Miguel Pinto
Miguel Pinto
26 Mai, 2026 - 12:00

Estágio chega ao fim: há direito a subsídio de desemprego?

Miguel Pinto

O fim de um estágio pode ser o princípio de uma carreira profissional ou a perspetiva do desemprego. Saiba que direitos pode ter.

mulher a fazer estágio

O fim de um estágio costuma trazer uma mistura pouco confortável de emoções. Por um lado, existe a expectativa de ficar na empresa. Por outro, chega o receio de voltar à procura de trabalho, atualizar currículos e entrar novamente no ciclo das candidaturas, entrevistas e respostas que aparecem semanas depois, quando já ninguém se lembra da vaga.

A modernidade conseguiu transformar a simples procura de emprego numa espécie de reality show burocrático. Mas há uma questão prática que surge quase sempre quando o estágio termina: existe direito a subsídio de desemprego?

A resposta depende do tipo de estágio, dos descontos efetuados para a Segurança Social e do histórico contributivo da pessoa em causa.
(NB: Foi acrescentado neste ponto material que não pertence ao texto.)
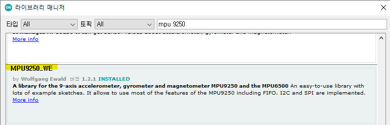 라이브러리 매니저에서 mpu 9250 을 검색하고 MPU9250_WE 라이브러리를 설치한다.

Em muitos casos, a resposta é sim. No entanto, existem diferentes apoios e regras específicas que importa compreender para evitar surpresas desagradáveis numa altura em que a estabilidade financeira pode ficar comprometida.

Nem todos os estágios funcionam da mesma forma

O primeiro ponto essencial passa por perceber que nem todos os estágios têm o mesmo enquadramento legal. Existem estágios profissionais apoiados pelo IEFP, estágios extracurriculares, estágios curriculares e outros modelos promovidos diretamente pelas empresas.

O elemento decisivo para efeitos de proteção no desemprego é a existência de descontos para a Segurança Social e o enquadramento do estágio como atividade com registo de remunerações.

Nos estágios profissionais financiados pelo IEFP, por exemplo, existe normalmente obrigação de contribuições para a Segurança Social. Isso significa que o tempo de estágio pode contar para o prazo de garantia necessário para aceder ao subsídio de desemprego, desde que estejam reunidas as restantes condições legais.

Já alguns estágios curriculares associados ao ensino superior podem não implicar descontos. Nesses casos, o período de estágio não conta para efeitos de proteção no desemprego.

De forma geral, o que importa confirmar é se existiram descontos efetivos para a Segurança Social durante o estágio. Essa informação pode ser consultada na Segurança Social Direta, através do histórico de remunerações.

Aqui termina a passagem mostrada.